Figure 2: Results of different algorithms in two environments. Left: Reacher-v2. Right: Ant-v2.

The numerical results of the converged policies are here in the table:

Method Reacher-v2 Ant-v2
CAIL $\mathbf{-7.186}\pm1.518$ $\mathbf{3825.644}\pm940.279$
2IWIL $-23.055\pm3.803$ $3473.852\pm271.696$
IC-GAIL $-55.355\pm5.046$ $1525.671\pm747.884$
AIRL $-25.922\pm2.337$ $3016.134\pm1028.894$
GAIL $-60.858\pm3.299$ $998.231\pm387.825$
T-REX $-66.371\pm21.295$ $-1867.930\pm318.339$
D-REX $-78.102\pm14.918$ $-2467.779\pm135.175$
SSRR $-70.044\pm14.735$ $-105.346\pm210.837$

We also show the gifs of the demonstrations and trained agents:

  • Reacher-v2

    • Demonstrations

      sac_5000 sac_10000 sac_11000 sac_12000 sac_100000
      Figure 3: Demonstrations in Reacher environment with increasing optimality.
    • Trained Agents

      cail 2iwil icgail airl gail trex drex ssrr
      Figure 4: Behavior of the trained agents in Reacher environment. Order: CAIL, 2IWIL, IC-GAIL, AIRL, GAIL, T-REX, D-REX, SSRR.
  • Ant-v2

    • Demonstrations

      ppo_2000000 ppo_3000000 ppo_3500000 ppo_5000000 ppo_10000000
      Figure 5: Demonstrations in Ant environment with increasing optimality.
    • Trained Agents

      cail 2iwil icgail airl gail trex drex ssrr
      Figure 6: Behavior of the trained agents in Ant environment. Order: CAIL, 2IWIL, IC-GAIL, AIRL, GAIL, T-REX, D-REX, SSRR.

Citation

@inproceedings{zhang2021cail,
 title={Confidence-Aware Imitation Learning from Demonstrations with Varying Optimality},
 author={Zhang, Songyuan and Cao, Zhangjie and Sadigh, Dorsa and Sui, Yanan},
 booktitle={Conference on Neural Information Processing Systems (NeurIPS)},
 year={2021}
}

Acknowledgement

The author would like to thank Tong Xiao for the inspiring discussions and her help in implementing the codes and the experiments.
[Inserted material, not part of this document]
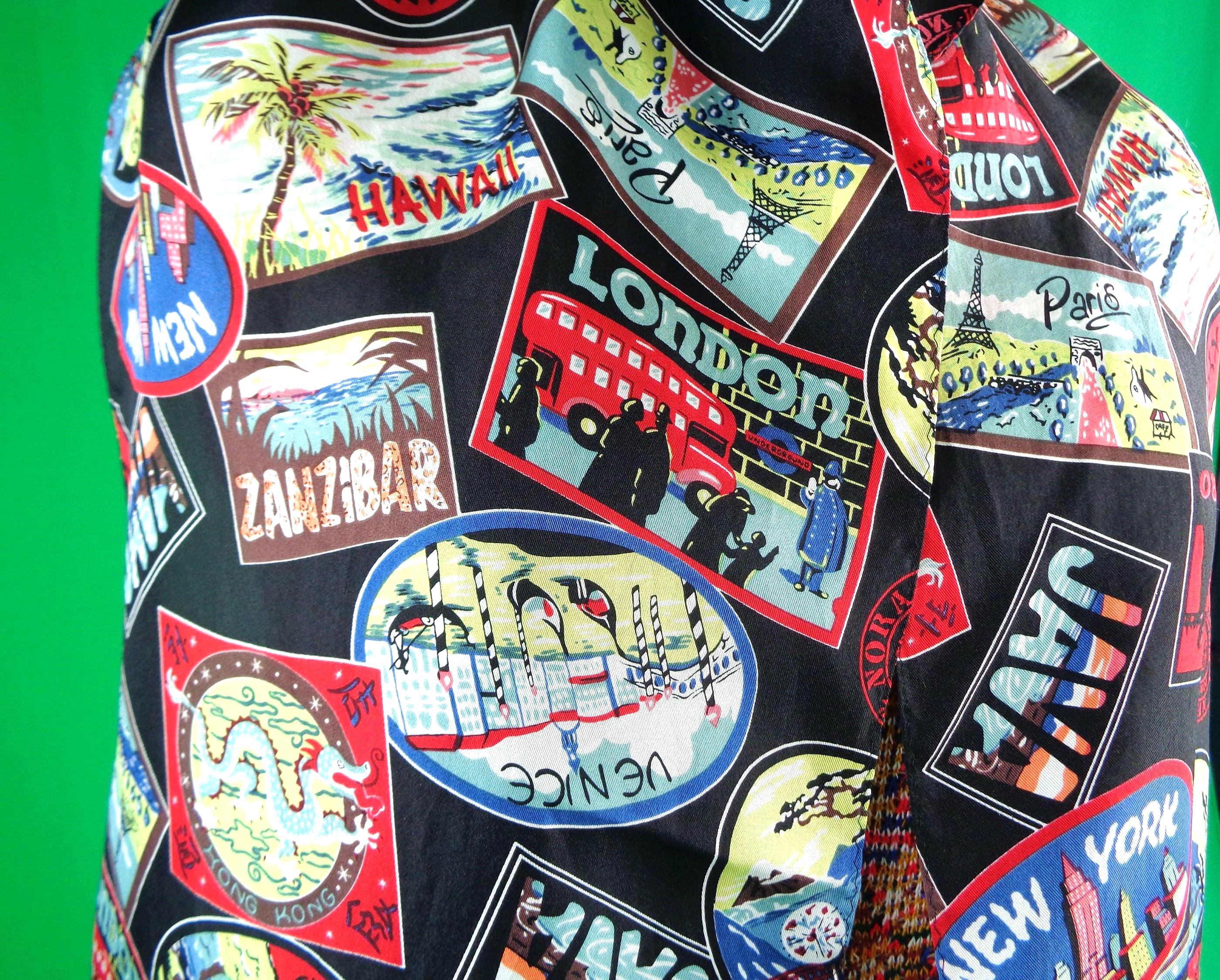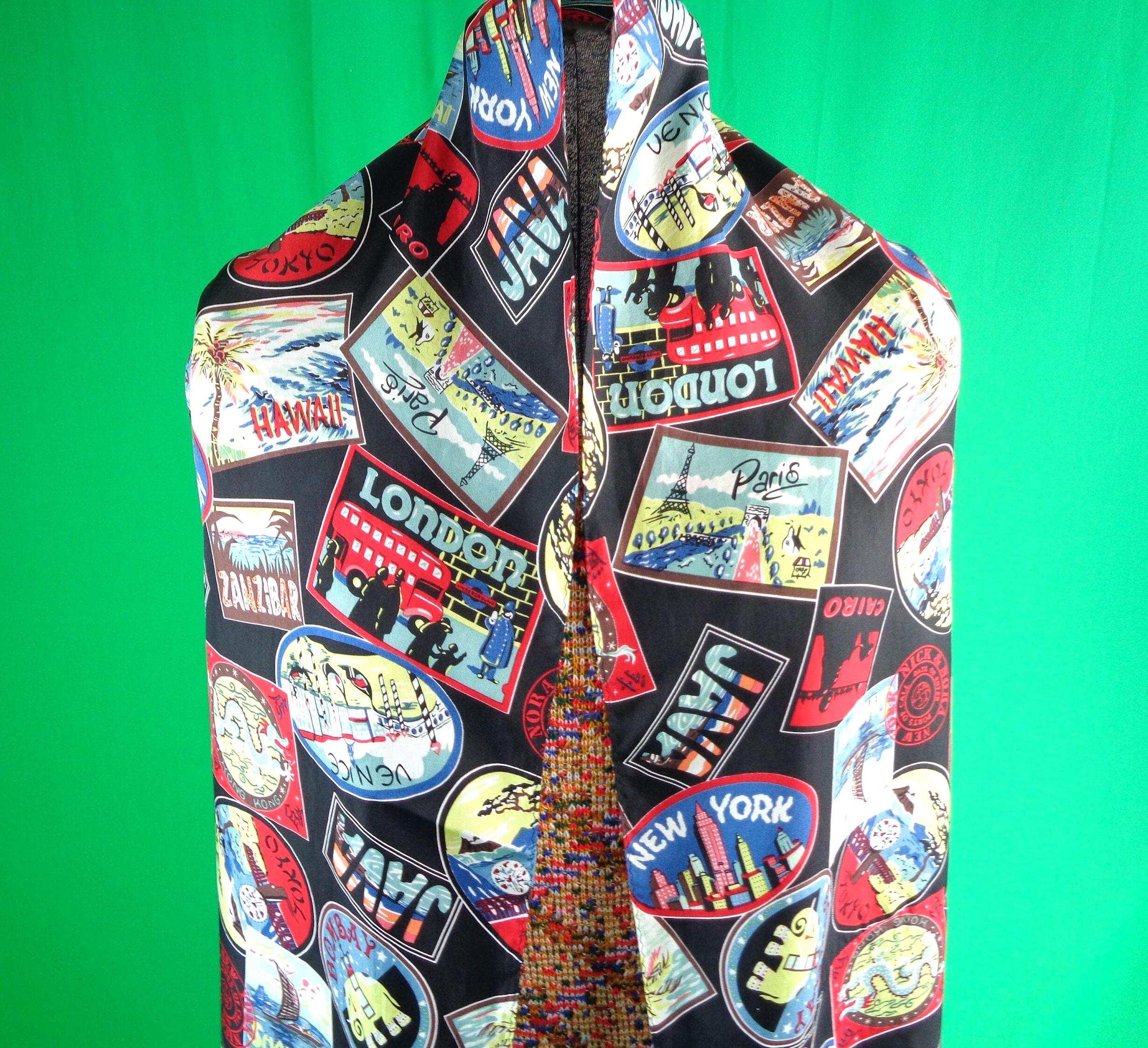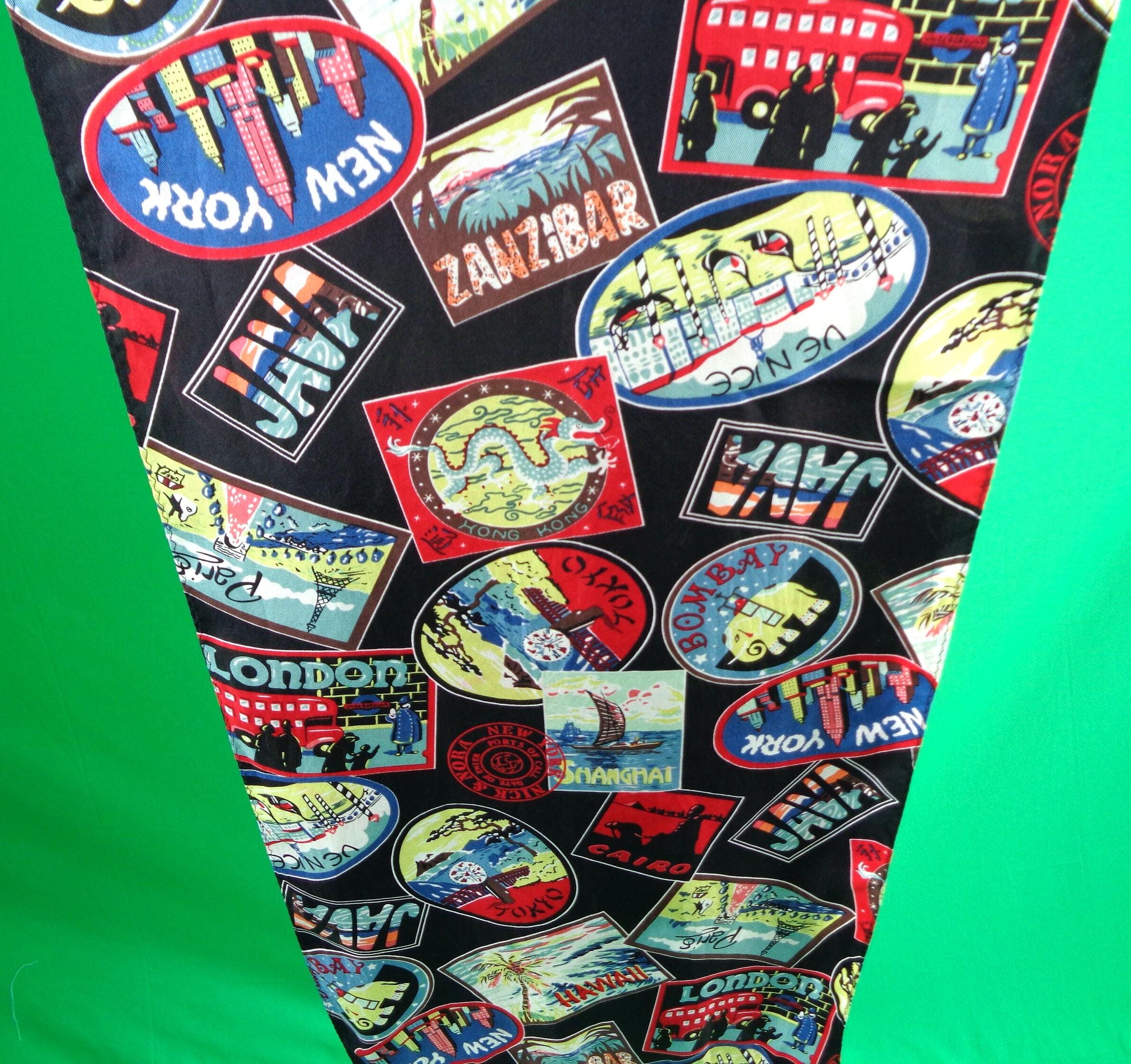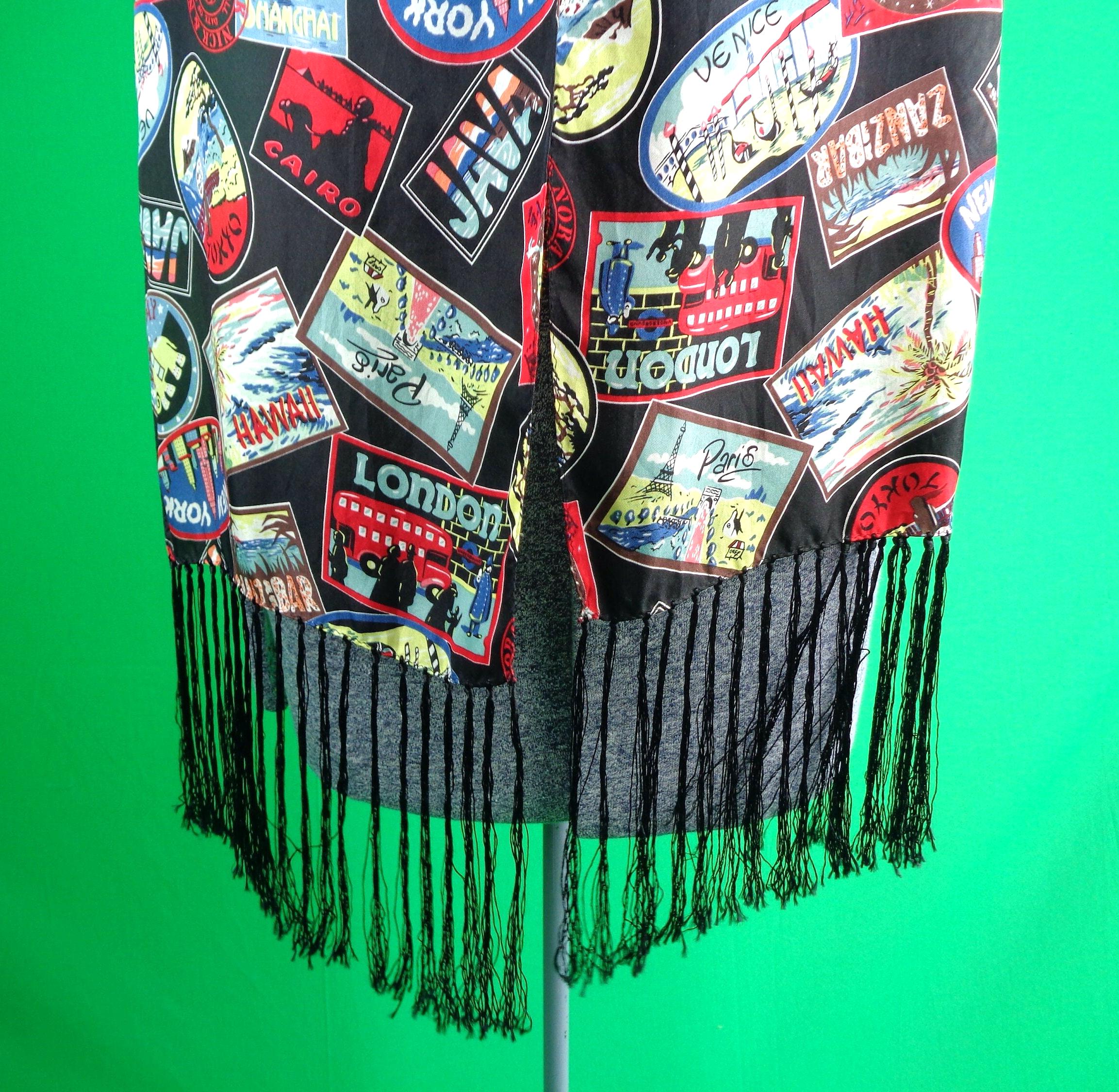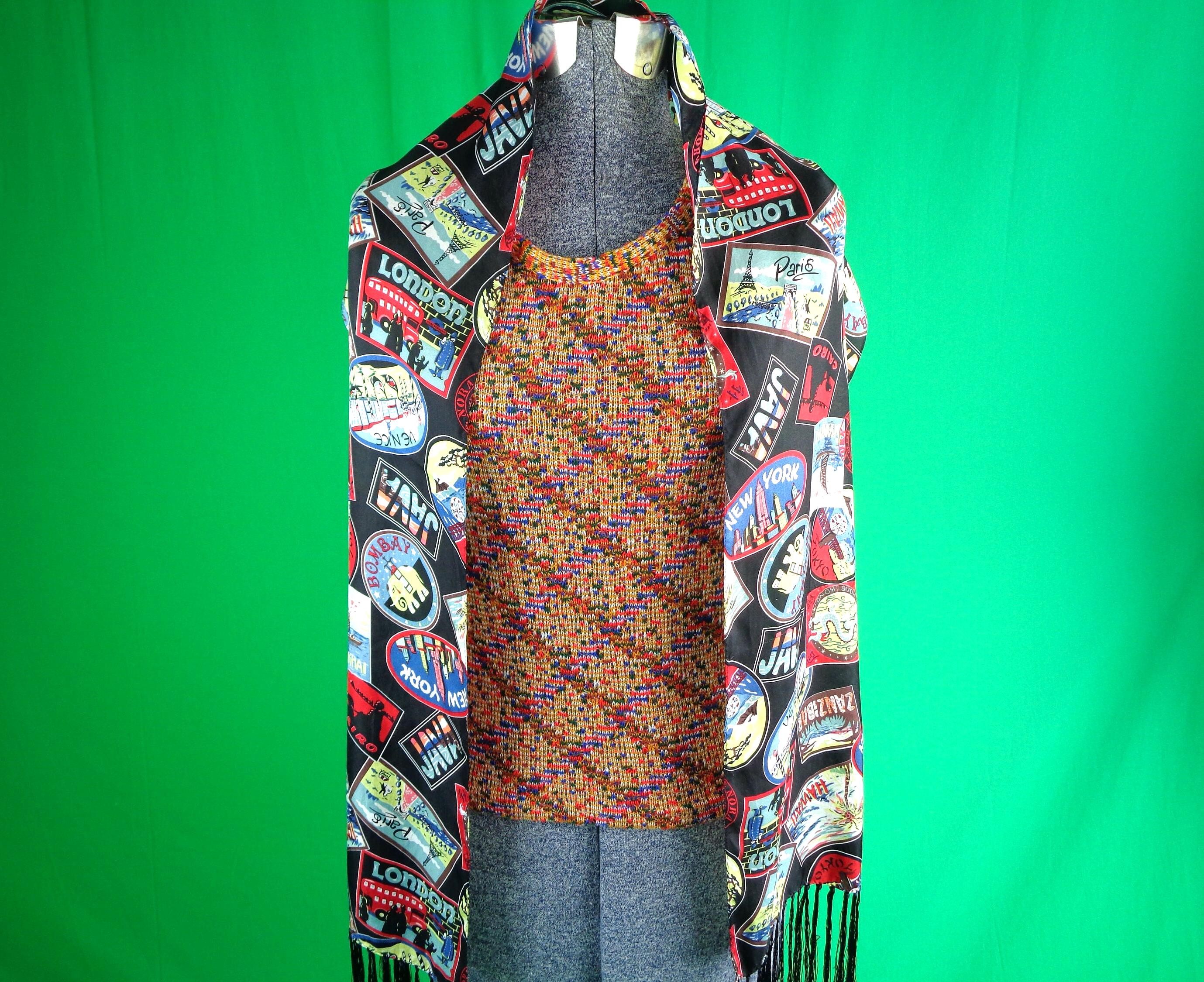 This lovely unique vibrant scarf, wrap, shawl. Features a multitude of countries around the world in a collage, print form of travel cards, with a long tassel fringed edges and ultra soft fabric, material throughout! Great compliment piece!

The code structure is based on the repo gail-airl-ppo.pytorch.

References

[1] Ho, J. and Ermon, S. Generative adversarial imitation learning. In Advances in neural information processing systems, pp. 4565–4573, 2016.
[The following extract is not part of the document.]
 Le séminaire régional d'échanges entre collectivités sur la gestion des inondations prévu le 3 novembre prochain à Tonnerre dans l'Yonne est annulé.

[2] Fu, J., Luo, K., and Levine, S. Learning robust rewards with adversarial inverse reinforcement learning. In International Conference on Learning Representations, 2018.
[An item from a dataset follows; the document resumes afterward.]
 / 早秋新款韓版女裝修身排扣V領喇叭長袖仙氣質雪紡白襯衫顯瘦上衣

[3] Wu, Y.-H., Charoenphakdee, N., Bao, H., Tangkaratt, V.,and Sugiyama, M. Imitation learning from imperfect demonstration. In International Conference on Machine Learning, pp. 6818–6827, 2019.

[4] Brown, D., Goo, W., Nagarajan, P., and Niekum, S. Extrapolating beyond suboptimal demonstrations via inversere inforcement learning from observations. In International Conference on Machine Learning, pp. 783–792. PMLR, 2019.

[5] Schulman, J., Wolski, F., Dhariwal, P., Radford, A., and Klimov, O. Proximal policy optimization algorithms. arXiv preprint arXiv:1707.06347, 2017.

[6] Haarnoja, T., Zhou, A., Abbeel, P., and Levine, S. Soft actor-critic: Off-policy maximum entropy deep reinforcement learning with a stochastic actor. In International Conference on Machine Learning, pp. 1861–1870. PMLR, 2018.

[7] Daniel S Brown, Wonjoon Goo, and Scott Niekum. Better-than-demonstrator imitation learning via automatically-ranked demonstrations. In Conference on Robot Learning, pages 330–359. PMLR, 2020.

[8] Letian Chen, Rohan Paleja, and Matthew Gombolay. Learning from suboptimal demonstration via self-supervised reward regression. In Conference on Robot Learning. PMLR, 2020.